**Try it**
Restate exactly the lines that run from the start of the records below to the line containing "研究意義:證實高劑量Ag-N", counting both ends, and nothing else; pictures stay out.

**Dataset extract**
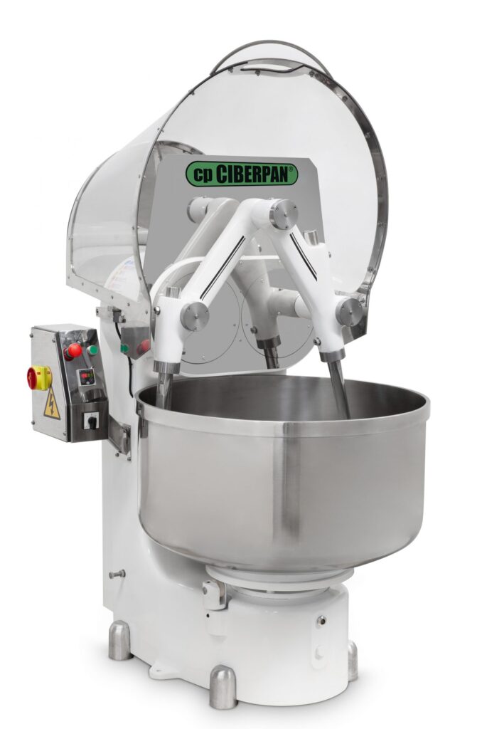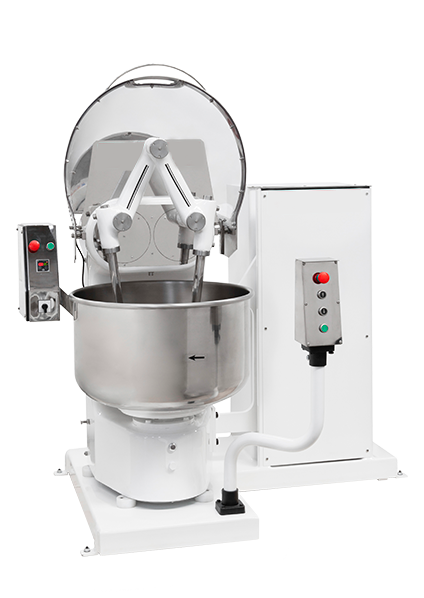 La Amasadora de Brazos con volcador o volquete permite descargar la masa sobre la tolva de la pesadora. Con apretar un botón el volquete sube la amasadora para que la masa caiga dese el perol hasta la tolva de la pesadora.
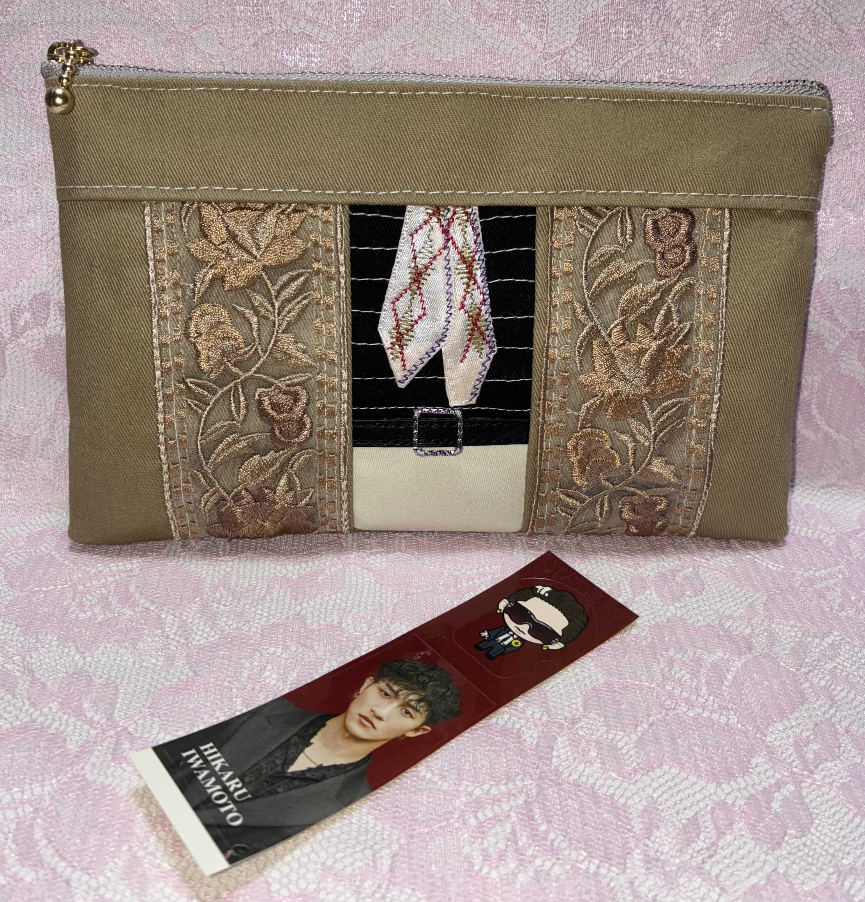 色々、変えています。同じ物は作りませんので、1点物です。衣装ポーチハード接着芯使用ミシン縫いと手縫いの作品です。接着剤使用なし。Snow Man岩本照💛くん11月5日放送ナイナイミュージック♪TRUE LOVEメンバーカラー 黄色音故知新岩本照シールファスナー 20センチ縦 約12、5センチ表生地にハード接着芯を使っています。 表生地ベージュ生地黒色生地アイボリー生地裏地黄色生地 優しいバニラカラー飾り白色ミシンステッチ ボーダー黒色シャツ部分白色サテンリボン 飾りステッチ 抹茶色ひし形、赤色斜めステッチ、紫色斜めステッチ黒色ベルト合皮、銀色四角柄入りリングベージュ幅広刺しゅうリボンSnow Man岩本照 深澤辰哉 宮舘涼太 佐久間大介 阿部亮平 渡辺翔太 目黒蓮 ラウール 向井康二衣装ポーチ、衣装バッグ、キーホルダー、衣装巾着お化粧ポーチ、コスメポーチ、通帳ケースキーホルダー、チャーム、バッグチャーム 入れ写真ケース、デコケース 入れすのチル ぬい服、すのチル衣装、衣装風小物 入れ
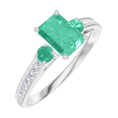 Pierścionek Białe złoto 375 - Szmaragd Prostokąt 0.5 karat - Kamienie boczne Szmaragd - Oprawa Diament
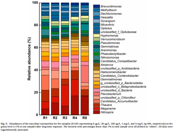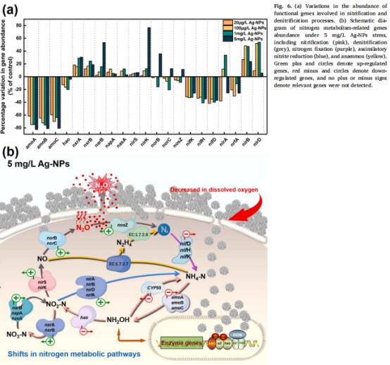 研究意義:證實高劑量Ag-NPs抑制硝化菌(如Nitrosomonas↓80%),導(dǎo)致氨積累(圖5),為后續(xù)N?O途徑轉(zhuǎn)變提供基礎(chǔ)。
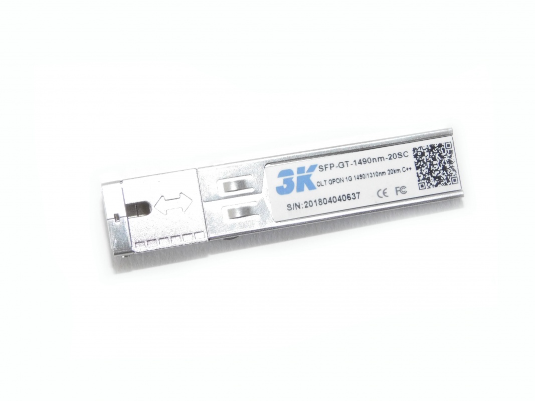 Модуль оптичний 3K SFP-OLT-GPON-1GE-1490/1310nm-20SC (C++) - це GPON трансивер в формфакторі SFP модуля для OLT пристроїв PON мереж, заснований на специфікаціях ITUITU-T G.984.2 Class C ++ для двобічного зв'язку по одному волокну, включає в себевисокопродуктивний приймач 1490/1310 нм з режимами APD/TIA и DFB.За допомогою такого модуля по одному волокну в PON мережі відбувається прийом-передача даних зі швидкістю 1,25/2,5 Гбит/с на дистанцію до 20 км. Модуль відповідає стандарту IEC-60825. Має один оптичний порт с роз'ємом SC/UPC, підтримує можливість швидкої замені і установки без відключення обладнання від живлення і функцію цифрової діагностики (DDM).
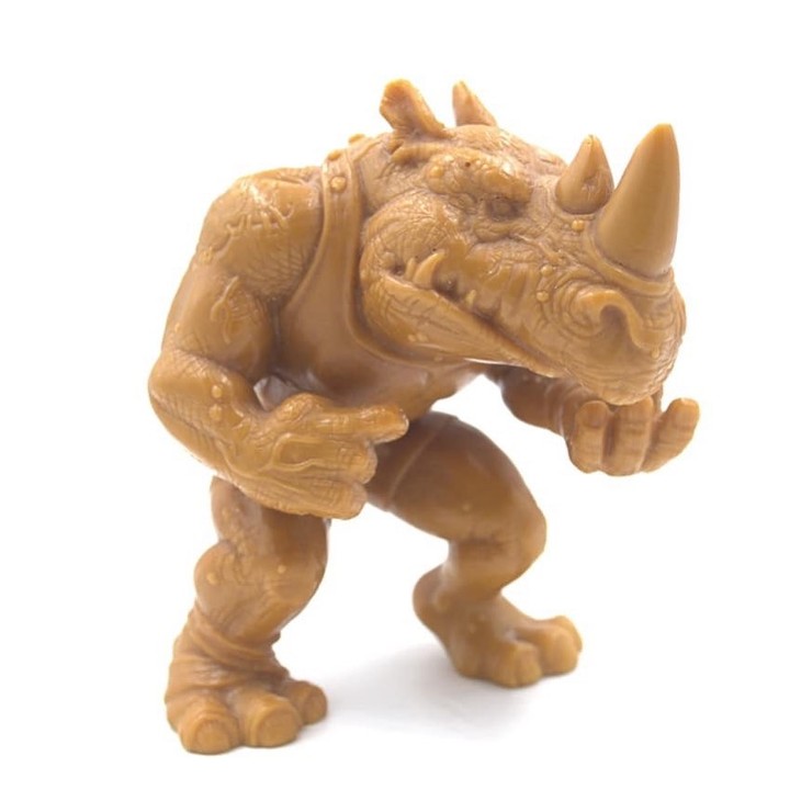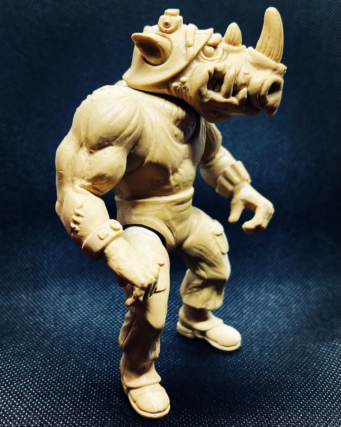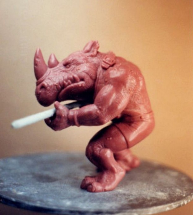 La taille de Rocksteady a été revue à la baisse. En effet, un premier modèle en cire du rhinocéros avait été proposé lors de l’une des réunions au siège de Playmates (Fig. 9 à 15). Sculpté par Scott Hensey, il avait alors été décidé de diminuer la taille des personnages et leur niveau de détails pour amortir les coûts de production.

**Solution to this task**
 La Amasadora de Brazos con volcador o volquete permite descargar la masa sobre la tolva de la pesadora. Con apretar un botón el volquete sube la amasadora para que la masa caiga dese el perol hasta la tolva de la pesadora.
 色々、変えています。同じ物は作りませんので、1点物です。衣装ポーチハード接着芯使用ミシン縫いと手縫いの作品です。接着剤使用なし。Snow Man岩本照💛くん11月5日放送ナイナイミュージック♪TRUE LOVEメンバーカラー 黄色音故知新岩本照シールファスナー 20センチ縦 約12、5センチ表生地にハード接着芯を使っています。 表生地ベージュ生地黒色生地アイボリー生地裏地黄色生地 優しいバニラカラー飾り白色ミシンステッチ ボーダー黒色シャツ部分白色サテンリボン 飾りステッチ 抹茶色ひし形、赤色斜めステッチ、紫色斜めステッチ黒色ベルト合皮、銀色四角柄入りリングベージュ幅広刺しゅうリボンSnow Man岩本照 深澤辰哉 宮舘涼太 佐久間大介 阿部亮平 渡辺翔太 目黒蓮 ラウール 向井康二衣装ポーチ、衣装バッグ、キーホルダー、衣装巾着お化粧ポーチ、コスメポーチ、通帳ケースキーホルダー、チャーム、バッグチャーム 入れ写真ケース、デコケース 入れすのチル ぬい服、すのチル衣装、衣装風小物 入れ
 Pierścionek Białe złoto 375 - Szmaragd Prostokąt 0.5 karat - Kamienie boczne Szmaragd - Oprawa Diament
 研究意義:證實高劑量Ag-NPs抑制硝化菌(如Nitrosomonas↓80%),導(dǎo)致氨積累(圖5),為后續(xù)N?O途徑轉(zhuǎn)變提供基礎(chǔ)。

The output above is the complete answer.